Regarding parafoveal word processing, there appears to be little differences between developing and mature readers. The study of Häikiö, Bertram, and Hyönä (2010) was one of the first where the boundary paradigm (see Box 2) was applied to the study of developing readers. Studies with adult readers had demonstrated that readers extend their attentional span more strongly across a spatially unified letter cluster (i.e., an unspaced compound word such as basketball) than across a linguistic unit that comprises two words (i.e., spaced compound words such as tennis ball) (Hyönä, Bertram, & Pollatsek, 2004; Juhasz, Pollatsek, Hyönä, Drieghe, & Rayner, 2009). Häikiö et al. (2010) extended these results also to developing readers: Surprisingly, despite the fact that 2nd grade readers’ perceptual span is significantly smaller than that of adult readers, even they displayed the same effect.

The results of Tiffin-Richards and Schroeder (2015) suggest a developmental shift in parafoveal processing when reading an orthographically regular language (German). As reading skill develops, readers shift from using parafoveal phonological information to using parafoveal orthographic information. By applying the boundary technique (see Box 2), Tiffin-Richards and Schroeder compared children’s and adults’ parafoveal processing of phonological and orthographic information in German. Their main finding was that children but not adults showed parafoveal phonological effects. In contrast, adults demonstrated effects indexing orthographic parafoveal processing, while children showed these effects only under specific conditions.

6 Eye Movements During Sentence Comprehension

Identification of individual words is not enough for successful reading comprehension, but the successive words need to be integrated to understand the meaning of a whole clause and sentence. This process takes place incrementally, as readers form meanings of successive words as they move forward in text. Yet, eye-tracking studies have shown that readers pause for longer time at sentence (and also clause) boundaries presumably to integrate the sentence meaning (Just & Carpenter, 1980; Rayner, Kambe, & Duffy, 2000; White, Warren, & Reichle, 2011). This phenomenon is called the sentence wrap-up effect. Readers do not proceed to the following sentence until they have secured a sufficient understanding of the currently read sentence (or clause). Integrative processing at sentence boundaries may also be reflected in regressive fixations launched to earlier parts of the sentence (Hyönä, 1995b; Kaakinen & Hyönä, 2007) or sometimes to an earlier sentence. For example, when readers process a text with unfamiliar text contents, they are more likely to initiate a regression to an earlier part of the sentence, particularly when the sentence contains information pertinent to their reading goal (Kaakinen & Hyönä, 2007). By regressing back in text, readers provide themselves with another opportunity to visually sample a text region they might find difficult to understand and/or important to form a good grasp of its meaning.

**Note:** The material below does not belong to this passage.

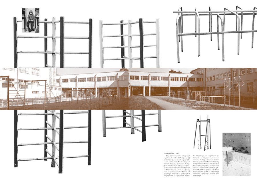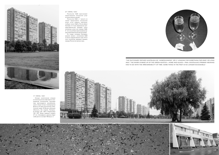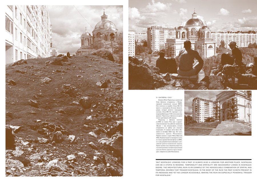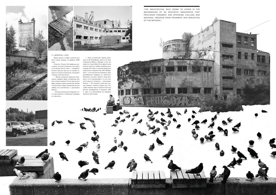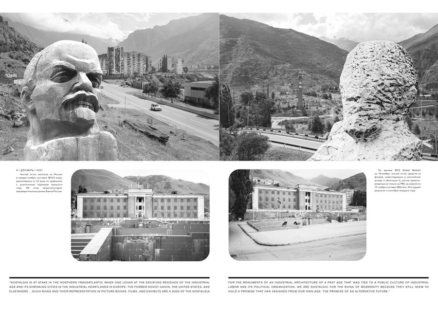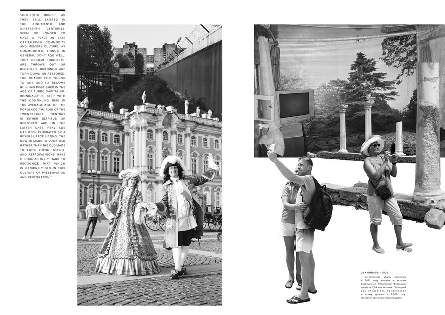 Фотографии конструктивистской архитектуры 1930-х годов, использованные в журнале, содержат следы коммунистической идеологии, а их сохранение в состоянии постепенного разрушения или обновления подчеркивает их историческую значимость. Эти руины представляют собой ностальгический фон российской действительности, незримо присутствующий и влияющий на нее.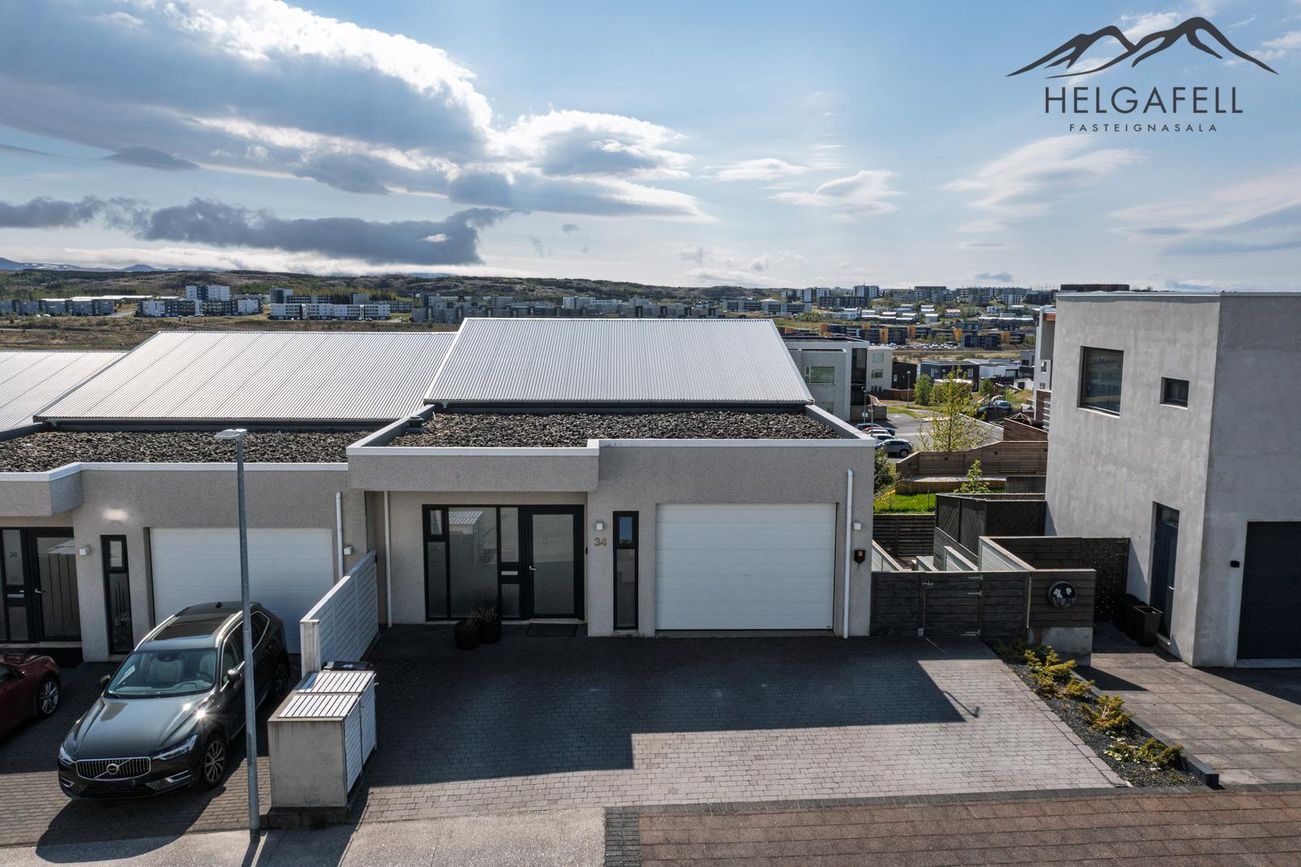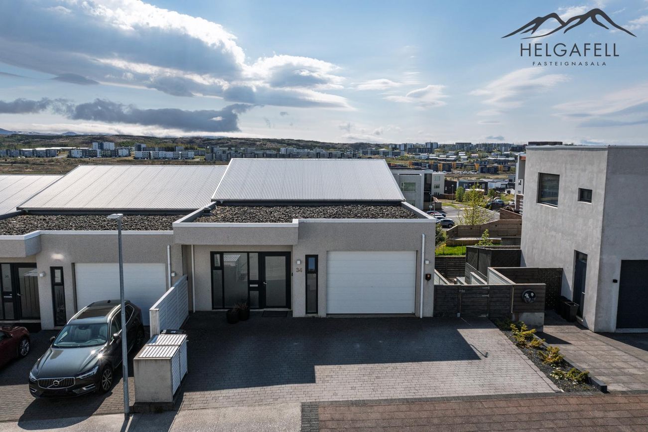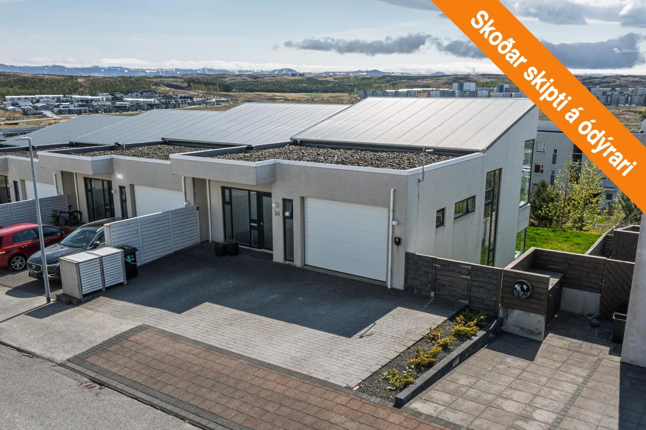 Helgafell fasteignasala kynnir til sölu fallegt endaraðhús við Friggjarbrunn í Reykjavík.Friggjarbrunnur 34, 113 Reykjavík er fallegt og vel skipulagt endaraðhús á tveimur hæðum með innbyggðum bílskúr á skemmtilegum og fjölskylduvænum stað í Úlfarsárdal. Grænt svæði bakvið húsið. Um er að ræða 224,4 fermetra eign sem byggt er árið 2008 og skiptist forstofu, fjögur svefnherbergi, tvö baðherbergi og rúmgóðri stofu með aukinni lofthæð, stórum gluggum og útsýni til suðurs. Gólfihiti er í öllu húsinu og innfelld lýsing er í flestum rýmum.

Successful sentence comprehension also requires that syntactic relations between words are sorted out in order to achieve a correct interpretation of the sentence. To do so, the reader needs to parse the syntactic structure of the sentence. Syntactic parsing entails that the reader identifies the actor of the action depicted by the main verb, whom the action is directed to, where the action takes place, etc. Syntactic information is conveyed in sentences, for example, by word order, morphological case marking, verb argument structure (whether a verb is transitive or intransitive), and animacy of the depicted entities (whether or not they refer to animate entities capable of initiating the action depicted by the verb). These processes are reflected in readers’ eye movements (Clifton, Staub, & Rayner, 2007; Clifton & Staub, 2011).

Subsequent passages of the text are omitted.